Cuando Mario anunció su marcha inmediatamente pensamos en Simón. Conocía la empresa, a la gente, el departamento, los productos y los servicios. Ahora, además, tenía el MBA, y un puesto de jefe le ayudaría a dar vigor a su currículum. La idea cuajó y Simón volvió con nosotros. Al principio le costó coger el ritmo, dicen, pero al cabo se adaptó y se hizo con las riendas. Su buen hacer, como ocurre en las empresas de este país, fue castigado recientemente con un ascenso a la española: mismo sueldo, mucha más responsabilidad.
Un par de semanas atrás, en una de esas mañanas que se presume igual que cualquier otra, Simón hizo que se nos atragantara el desayuno al anunciar que se marchaba a trabajar con Mario. De nuevo el proceso se puso en marcha: las notas de adiós, las fiestas de despedida y los buenos deseos para el futuro. Otra vez la incertidumbre sobre el futuro de los que se quedan.

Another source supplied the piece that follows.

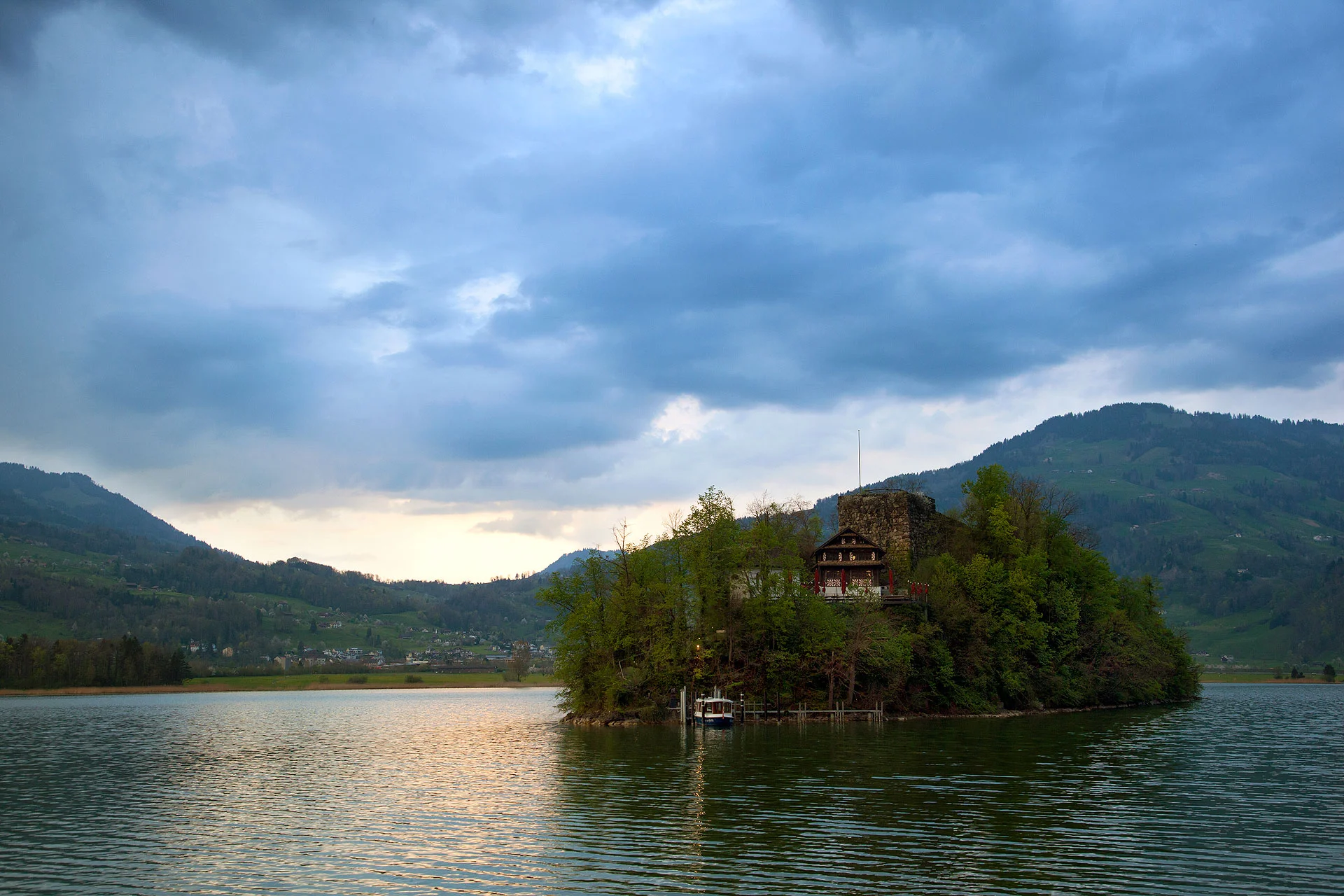 After the break, we headed back on the road towards the Alps - but it had already started to turn dark, so we didn't get much pictures . On the way back, we went through a few towns in Germany and a brief stop in some castles, but the majority of the drive was in Switzerland. We passed through a few towns near the alps and stopped to admire the majestic view of the mountains. We stopped near a town called Laurez, and got some pictures of Island of Schwanau, situated on Lake Lauerz.

Para mí Simón siempre será el jefe que no parecía un jefe. En todo momento se mostraba informal y accesible, tanto con sus subordinados como con sus superiores. Posee un importante capital intelectual, fruto de su perspicacia y curiosidad natural. Su personalidad es una extraña mezcla de friki, geek, señor jubilado y adolescente de diecisiete años. Aún me choca verle con sus hijas pequeñas, ser testigo de cómo ese fumador empedernido aficionado a los cómics, salaz, sardónico y bromista, a quien he visto preso de los vapores etílicos en más de una ocasión, se desenvuelve tan bien con los cachorros. Adicto a reddit, su vasto conocimiento de la cultura popular y formal le hacían casi imbatible en el Triviados. Él fue quien me descubrió a Alain de Botton y me recomendó leer a Bertrand Russell (ahora uno de mis filósofos favoritos), a la par que me indicaba algunos blogs interesantes (y alguno prescindible). En todo este tiempo invariablemente ha tolerado mi presencia sin signos visibles de fastidio y me ha aportado su sensato punto de vista por muy estúpida o banal que fuera la pregunta que le estaba planteando. Igual que para con Mario, no siento por Simón otra que cosa que admiración, envidia y gratitud.

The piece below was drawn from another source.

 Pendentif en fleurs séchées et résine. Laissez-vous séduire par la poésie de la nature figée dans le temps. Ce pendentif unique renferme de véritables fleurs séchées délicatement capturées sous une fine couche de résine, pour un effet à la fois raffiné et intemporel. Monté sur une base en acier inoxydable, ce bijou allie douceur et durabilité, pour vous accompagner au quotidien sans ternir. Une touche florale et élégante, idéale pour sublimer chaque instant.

En los días posteriores a la noticia de la marcha noté en el ambiente una sensación de eso que los periodistas deportivos gustan en llamar «fin de ciclo». Me pareció que por la cabeza de todos rondaba la misma idea acerca de que esto era de alguna manera el final de nuestro camino laboral conjunto, de que la situación solo puede empeorar y ha llegado la hora de separarnos en busca de pastos más verde (si acaso los hay). Una compañera llegó a preguntarse en voz alta cuántos del grupo seguirían trabajando aquí el año que viene. Nadie dijo nada. Como esto no es una serie de televisión y los flash forwards no son factibles, habrá que esperar para verlo.
«Sin cambio no hay progreso», me dijo Simón en una de nuestras últimas conversaciones a la hora del cigarro. Reto aceptado.